The White House’s Task Force on Worker Organizing and Empowerment released a detailed report this morning containing nearly 70 recommendations to spur unionization in the private and public sectors. Formed last April, the Task Force was tasked with “mobilizing the federal government’s policies, programs, and practices to empower workers to organize and successfully bargain with their employers.” In particular the report calls for “making the federal government a model employer,” including by expanding collective bargaining rights for certain groups of federal workers, such as the TSA’s screening workforce, and facilitating a faster path to a first contract for newly unionized workers. The report also offers a laundry list of recommendations for “increasing visibility, support, awareness, and promotion of collective bargaining,” and, crucially, “ensuring effective enforcement of existing laws.” While a closer look is needed to tell whether the document is as “strikingly pro-union” as some outlets have suggested, it is another encouraging sign from an administration that has worked to deliver on its promise to be the “most pro-union president leading the most pro-union administration in American history.”

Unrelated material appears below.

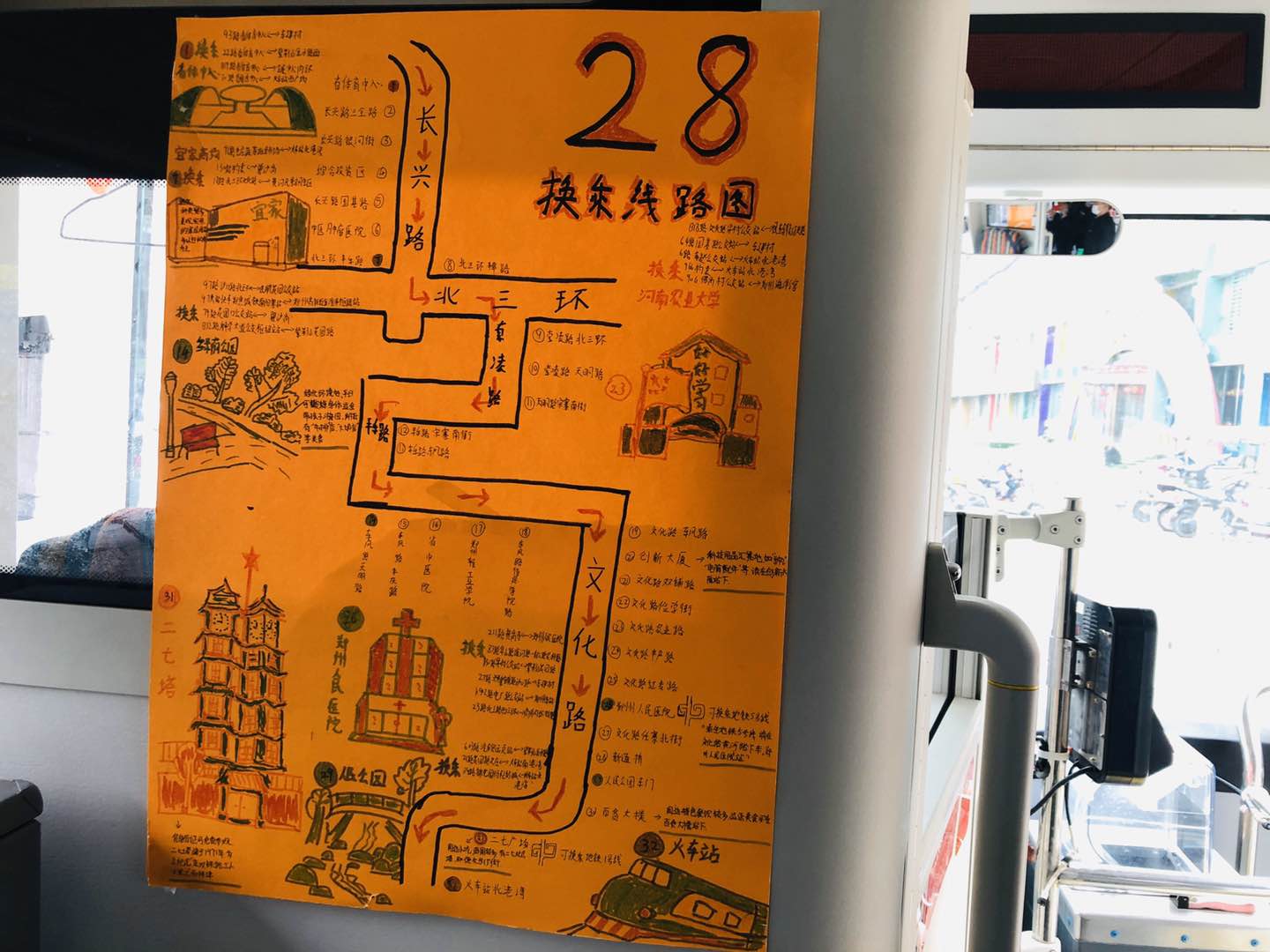 6日当天,经常乘坐28路公交车出门的胡先生一上车,就在驾驶室后方的挡板上发现了一张很别致的“地图”,上面标注着28路的所有站点以及周边的著名建筑,很是详尽。

In an exclusive interview with More Perfect Union, NLRB General Council Jennifer Abruzzo laid out her priorities for contending with rampant union-busting by employers across the economy. In particular, Abruzzo announced her support for reviving the Joy Silk doctrine, under which employers must accede to a union’s request for recognition—without seeking a Board-administered election—unless they possess a good-faith doubt as to the union’s majority status. The doctrine has its origins in the 1949 Joy Silk Mills, Inc. decision in which the Board held that the employer’s failure to recognize a union without such a good-faith doubt constituted a violation of section 8(a)(5) of the NLRA. After a string of decisions weakening the doctrine, it was abandoned by the Board–and that abandonment was upheld by the Supreme Court—in the 1969 Gissel Packing Co. case. Ever since then, broadly speaking, employers have been able to leverage the delay and formality of a Board election to stall organizing, even when presented with overwhelming evidence that a unionization drive has majority support among its workers. As Brandon Magner has explained, a revival of the doctrine would be a powerful tool to support unionization.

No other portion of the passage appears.